News & Views item - January  2005

 

 

A View from the Right: Universities from Dawkins to Nelson -- the Quadrant's View. (January 31, 2005)

    The Australian Monthly Quadrant describes itself as "Australia's independent review of literature and ideas". Its editor is the right-wing journalist and former Sydney Morning Herald columnist Padraic McGuinness.

 

    A 2400 word editorial in  Quadrant's January/February issue, "From Dawkins to Nelson" gives its view of Australia's university scene since the institution of the Dawkinsisation1, 2 of the sector.

Although the editorial makes sweeping, unsubstantiated statements and leaves the reader with a focus on the student unions it also make some critical points and gives an insight to right-wing thinking.

[T]he political activities of the student unions raise much more important issues. This is because they have since the sixties become centres of extreme left activism which habitually apply to nefarious causes the funds contributed willy nilly by the mass of students, who do not take much interest in their politics, being too concerned with study and learning, and do not bother to vote in their elections. Opposition to the extremist activities of the university unions grew stronger as their abuses became more egregious. It is perhaps their misfortune that two of the main student politician activists opposed to these abuses are now at the most senior levels of the government - Peter Costello, the Treasurer, and Tony Abbott, the Minister for Health....

    Although this front is in many respects the least important of those on which the government has to fight the educational reform campaign it will probably be the most controversial and contested - by the students and the ageing veterans of student politicking. No one else will perceive it as a reform worth resisting.

Earlier the Quadrant's editorial points to:

THE LAST GREAT upheaval in our universities was that perpetrated by John Dawkins when he was federal Labor Minister for Education. The chief aspect of this [1987 reform] was the abolition of the two-tier tertiary system such that overnight the former Colleges of Advanced Education were rechristened as universities, and their academic staffs suddenly were elevated to the status of Professor when they had hitherto been unable to aspire to anything higher than Principal Lecturer. Needless to say this was achieved without any process of testing their credentials or considering whether a person who had been unable to obtain appointment to a chair in any existing university was indeed sufficiently qualified to hold a chair in the expanded system.

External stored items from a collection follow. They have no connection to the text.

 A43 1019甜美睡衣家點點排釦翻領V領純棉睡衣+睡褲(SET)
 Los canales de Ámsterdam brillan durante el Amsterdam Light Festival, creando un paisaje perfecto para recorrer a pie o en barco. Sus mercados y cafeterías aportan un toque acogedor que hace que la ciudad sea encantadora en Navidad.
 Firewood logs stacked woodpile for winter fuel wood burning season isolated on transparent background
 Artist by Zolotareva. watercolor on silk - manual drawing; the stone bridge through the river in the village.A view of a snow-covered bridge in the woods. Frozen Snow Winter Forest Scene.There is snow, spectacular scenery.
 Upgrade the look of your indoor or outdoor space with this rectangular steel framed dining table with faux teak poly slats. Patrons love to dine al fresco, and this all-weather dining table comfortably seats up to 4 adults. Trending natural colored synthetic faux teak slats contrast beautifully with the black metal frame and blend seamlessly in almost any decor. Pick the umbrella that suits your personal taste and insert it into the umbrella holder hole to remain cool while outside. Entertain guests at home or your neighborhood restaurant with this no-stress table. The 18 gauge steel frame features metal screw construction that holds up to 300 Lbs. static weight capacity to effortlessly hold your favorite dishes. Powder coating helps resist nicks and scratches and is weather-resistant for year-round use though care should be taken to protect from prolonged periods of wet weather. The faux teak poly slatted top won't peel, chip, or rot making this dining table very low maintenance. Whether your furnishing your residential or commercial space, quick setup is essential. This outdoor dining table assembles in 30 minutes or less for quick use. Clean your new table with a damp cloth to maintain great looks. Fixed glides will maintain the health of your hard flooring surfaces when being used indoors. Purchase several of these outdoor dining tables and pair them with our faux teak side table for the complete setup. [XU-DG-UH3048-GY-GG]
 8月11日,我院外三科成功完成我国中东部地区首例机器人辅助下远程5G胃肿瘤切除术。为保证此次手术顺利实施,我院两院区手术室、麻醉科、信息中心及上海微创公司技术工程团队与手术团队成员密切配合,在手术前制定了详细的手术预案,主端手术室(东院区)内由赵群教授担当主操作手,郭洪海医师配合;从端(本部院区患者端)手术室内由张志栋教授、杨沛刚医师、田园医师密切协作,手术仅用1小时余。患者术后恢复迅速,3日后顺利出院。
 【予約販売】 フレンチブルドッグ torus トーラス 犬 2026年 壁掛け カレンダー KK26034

But the damage can't be undone. However, Quadrant plumps for a focused direction of funding, e.g. government research funding. But of course this is in fact the case as the Group of Eight reminds those who may be interested as to where government research funding for universities is directed. The question of repairing the universities' crumbling infrastructure or reversing the creeping rot afflicting university staffing isn't considered to be of sufficient consequence to rate mentioning.

 

But the although unnamed, the National Tertiary Education Union comes in for a blast:

While unions do occasionally play a useful role (recently, for example, in taking the side of a non-member against unjust treatment by the University of Wollongong) most of their activity is in the narrow-minded "wages and conditions" mode. And there have been far too many examples of unions protecting members who do not deserve it, while failing to intervene in cases of internal squabbling where particular academics are victimised by alliances of like-minded opponents. Gender politics has, unfortunately, played a role here.

Another of those sweeping unsubstantiated statements. But Quadrant has placed the whole of its editorial online (see link above). Its worth reading in its entirety because it's a thumbnail sketch of what the universities are in for.

 

Meaningful additional resources? Don't be silly; it's just a matter of the appropriate redirectioning of funding and bringing the unions and administrations into line.

 

And they call Arnold Schwarzenegger" The Terminator".